### ABOUT THIS EXERCISE
Write out exactly the lines of the entries below from the one holding "lizard on front" to the one holding "- Работа функции", inclusive, and leave out all other lines.

### RECORDS
+-------+
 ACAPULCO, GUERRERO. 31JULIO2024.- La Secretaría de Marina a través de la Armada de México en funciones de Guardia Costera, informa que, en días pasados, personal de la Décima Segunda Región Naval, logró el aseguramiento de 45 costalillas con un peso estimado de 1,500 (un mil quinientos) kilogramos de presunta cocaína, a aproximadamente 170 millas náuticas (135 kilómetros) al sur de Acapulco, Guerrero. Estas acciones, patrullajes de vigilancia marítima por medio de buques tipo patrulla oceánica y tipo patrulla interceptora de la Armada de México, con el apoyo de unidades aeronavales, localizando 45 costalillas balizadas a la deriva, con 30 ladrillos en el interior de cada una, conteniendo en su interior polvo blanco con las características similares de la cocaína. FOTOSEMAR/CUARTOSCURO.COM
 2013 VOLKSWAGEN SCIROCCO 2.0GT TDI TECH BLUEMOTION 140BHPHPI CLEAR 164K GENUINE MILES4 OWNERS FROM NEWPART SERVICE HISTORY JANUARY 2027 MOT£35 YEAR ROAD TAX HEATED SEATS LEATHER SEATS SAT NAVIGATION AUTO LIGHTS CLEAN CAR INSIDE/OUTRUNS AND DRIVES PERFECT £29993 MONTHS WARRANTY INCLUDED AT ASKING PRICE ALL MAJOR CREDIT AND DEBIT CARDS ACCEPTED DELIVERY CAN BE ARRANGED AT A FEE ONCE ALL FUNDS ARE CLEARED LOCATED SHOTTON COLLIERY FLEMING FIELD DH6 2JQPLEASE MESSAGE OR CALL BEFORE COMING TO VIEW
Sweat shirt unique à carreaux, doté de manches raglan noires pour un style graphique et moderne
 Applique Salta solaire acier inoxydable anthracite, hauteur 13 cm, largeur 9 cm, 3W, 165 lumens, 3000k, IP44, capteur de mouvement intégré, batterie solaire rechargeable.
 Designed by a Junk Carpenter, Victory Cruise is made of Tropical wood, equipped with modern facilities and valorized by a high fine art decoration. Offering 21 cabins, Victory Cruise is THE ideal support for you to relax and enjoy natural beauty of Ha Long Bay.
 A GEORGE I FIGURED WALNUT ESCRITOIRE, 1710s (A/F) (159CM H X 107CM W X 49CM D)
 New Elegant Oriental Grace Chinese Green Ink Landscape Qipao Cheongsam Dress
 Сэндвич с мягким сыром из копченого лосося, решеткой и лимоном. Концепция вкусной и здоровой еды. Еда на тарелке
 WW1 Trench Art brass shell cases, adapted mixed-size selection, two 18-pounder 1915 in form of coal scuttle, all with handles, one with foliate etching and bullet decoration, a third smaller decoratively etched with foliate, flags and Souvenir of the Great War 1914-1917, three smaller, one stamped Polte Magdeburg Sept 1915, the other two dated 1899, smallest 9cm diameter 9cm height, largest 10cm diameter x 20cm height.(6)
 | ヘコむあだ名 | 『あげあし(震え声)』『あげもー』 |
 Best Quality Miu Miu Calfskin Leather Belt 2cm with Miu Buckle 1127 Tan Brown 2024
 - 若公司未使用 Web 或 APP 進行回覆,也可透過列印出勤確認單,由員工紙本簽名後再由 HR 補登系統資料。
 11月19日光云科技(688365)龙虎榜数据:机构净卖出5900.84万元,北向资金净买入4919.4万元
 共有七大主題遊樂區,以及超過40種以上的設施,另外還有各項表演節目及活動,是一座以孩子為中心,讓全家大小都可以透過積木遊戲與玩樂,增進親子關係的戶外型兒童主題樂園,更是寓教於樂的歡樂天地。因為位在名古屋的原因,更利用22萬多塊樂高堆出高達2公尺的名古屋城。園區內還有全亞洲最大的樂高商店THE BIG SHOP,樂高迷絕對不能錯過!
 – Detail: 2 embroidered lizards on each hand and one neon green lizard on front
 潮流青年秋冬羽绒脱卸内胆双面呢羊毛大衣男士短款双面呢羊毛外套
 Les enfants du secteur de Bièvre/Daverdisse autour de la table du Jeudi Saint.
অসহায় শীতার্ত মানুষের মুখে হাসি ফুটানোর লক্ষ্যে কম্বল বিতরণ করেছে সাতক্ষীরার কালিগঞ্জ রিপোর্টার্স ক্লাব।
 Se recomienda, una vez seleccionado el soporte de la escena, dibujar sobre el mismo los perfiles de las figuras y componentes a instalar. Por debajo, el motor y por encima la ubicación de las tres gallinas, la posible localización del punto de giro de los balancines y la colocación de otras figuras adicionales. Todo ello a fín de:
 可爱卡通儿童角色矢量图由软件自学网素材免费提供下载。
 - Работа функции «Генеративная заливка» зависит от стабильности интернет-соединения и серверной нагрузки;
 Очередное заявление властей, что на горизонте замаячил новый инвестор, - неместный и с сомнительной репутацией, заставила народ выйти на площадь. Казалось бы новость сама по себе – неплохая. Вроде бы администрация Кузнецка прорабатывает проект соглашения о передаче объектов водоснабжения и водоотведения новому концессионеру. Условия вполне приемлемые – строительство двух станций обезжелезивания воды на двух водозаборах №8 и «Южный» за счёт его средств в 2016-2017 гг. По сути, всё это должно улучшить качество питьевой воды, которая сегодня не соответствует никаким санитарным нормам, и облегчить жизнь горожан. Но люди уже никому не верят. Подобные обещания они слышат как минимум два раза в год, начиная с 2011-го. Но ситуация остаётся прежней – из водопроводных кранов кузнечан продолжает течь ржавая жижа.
+-------+
### ANSWER SECTION
 – Detail: 2 embroidered lizards on each hand and one neon green lizard on front
 潮流青年秋冬羽绒脱卸内胆双面呢羊毛大衣男士短款双面呢羊毛外套
 Les enfants du secteur de Bièvre/Daverdisse autour de la table du Jeudi Saint.
অসহায় শীতার্ত মানুষের মুখে হাসি ফুটানোর লক্ষ্যে কম্বল বিতরণ করেছে সাতক্ষীরার কালিগঞ্জ রিপোর্টার্স ক্লাব।
 Se recomienda, una vez seleccionado el soporte de la escena, dibujar sobre el mismo los perfiles de las figuras y componentes a instalar. Por debajo, el motor y por encima la ubicación de las tres gallinas, la posible localización del punto de giro de los balancines y la colocación de otras figuras adicionales. Todo ello a fín de:
 可爱卡通儿童角色矢量图由软件自学网素材免费提供下载。
 - Работа функции «Генеративная заливка» зависит от стабильности интернет-соединения и серверной нагрузки;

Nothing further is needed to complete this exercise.